In general, the federal government has been much more reluctant to the timely issue of permits in contrast to what we might be seeing on the more traditional side of things.
But that’s separate from NEPA — it relates to public notice and comments and the opportunity for third parties to get involved, ensuring any decision-making on the government side is done in a way that’s evocative of a fair system. On the NEPA side, I don’t know if they’re going to treat renewables any differently than they’re going to treat other sorts of projects. That’s different, from a policy perspective, [from] how they’re handling the permits.
If, from a policy perspective, the federal government is less inclined to make a determination about a particular project — or if it decides that it doesn’t like wind, for example, and isn’t going to issue a permit — that’s different than the procedural elements associated with a NEPA review.
The Supreme Court recently ruled in the Seven County case that agencies can be granted a lot of deference in their reviews under NEPA, seeing it more as a procedural statute than a substantive roadblock. What will this lead to?

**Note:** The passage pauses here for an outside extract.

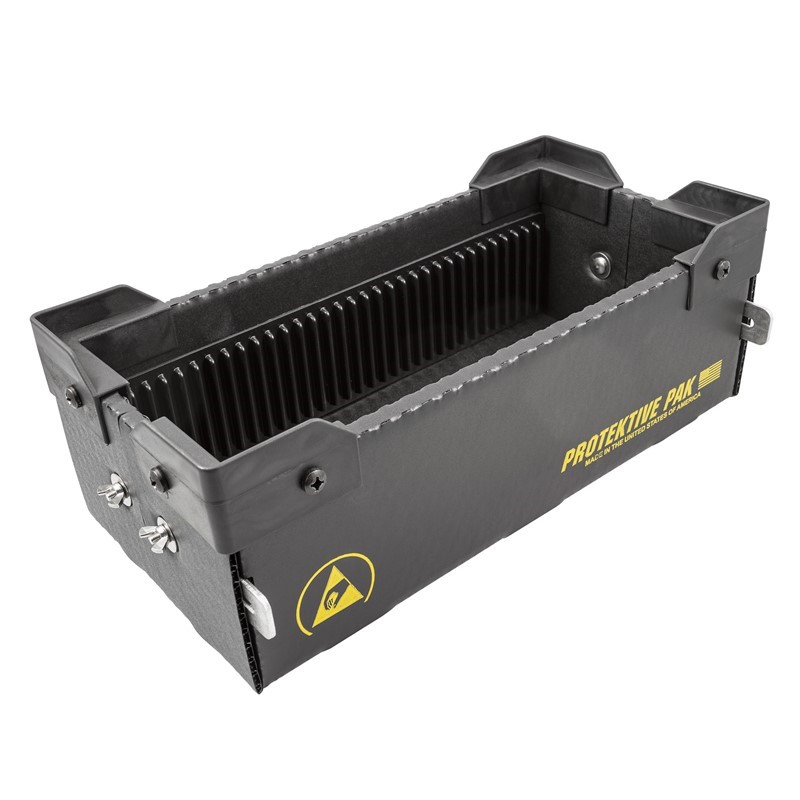 Constructed from an extruded high impact polypropylene material, yielding superior strength and durability from its inner honey-comb structure Conductive material <1 x 104 ohms provides a reliable path-to-ground Printed with ESD protective symbol as required by ANSI/ESD S541 Provides durable, physical protection Stackable tray design for maximum flexibility; reduces clutter and improves workflow by consolidating storage vertically, freeing up valuable workspace Expandable aluminum sliding plates expand and secure various PCB sizes with ribbed slots, enabling flexible, tool-free tray configurations Lightweight, ergonomic trays streamline transport between workstations or storage, reducing downtime, handling risks, and improving efficiency Chemical and moisture resistant Ideal for use where corrugated and/or paper products cannot be used Reusable, ensuring best value Product ships assembled Made in the United States of America

I think that what we’re seeing – and every agency’s different – but what the court said is that lower courts should defer to the agency to establish their own protocols under NEPA. They’ve begun to streamline the process by which they issue permits, issue notices of those permits, and give people the opportunity to comment on them.
What we’re anticipating will happen if the court gets its wishes – and candidly, I think this is a good thing for developers, on both the renewables and non-renewables side – is that we’ll see more expeditious permitting from the federal government.
You may not like the determinations. There’s a possibility that certain permits are denied if the nature of the permit is in conflict with the federal government’s policy and intention. But you’ll get a quicker decision than you used to get. And if there’s a will to issue a permit, you’ll get it faster.
We’ve heard the concept of permitting reform or NEPA reform as a leveling of the playing field, but in this environment, it is not entirely clear that’ll be the case. Where does the battleground turn then for those who get, as you put it, rejections faster?
That’s a great question. Regrettably, the immediate battleground is the courts. There is certainly a right and an opportunity for anybody who feels a determination was incorrect to challenge that, and to challenge the particular agency’s implementation of NEPA.
Okay, but what’s the remedy here if renewables companies are just getting rejections faster from the Trump team?
Without a real-world example, it’s hard to give you legal theories, but they will always exist. It’ll be circumstantial, and good lawyers always come up with good arguments. I don’t think this issue is fully resolved, either. The Supreme Court has done a favor to everybody by at least defining the issue, but now we’ll have to see what happens as agencies make these kinds of determinations.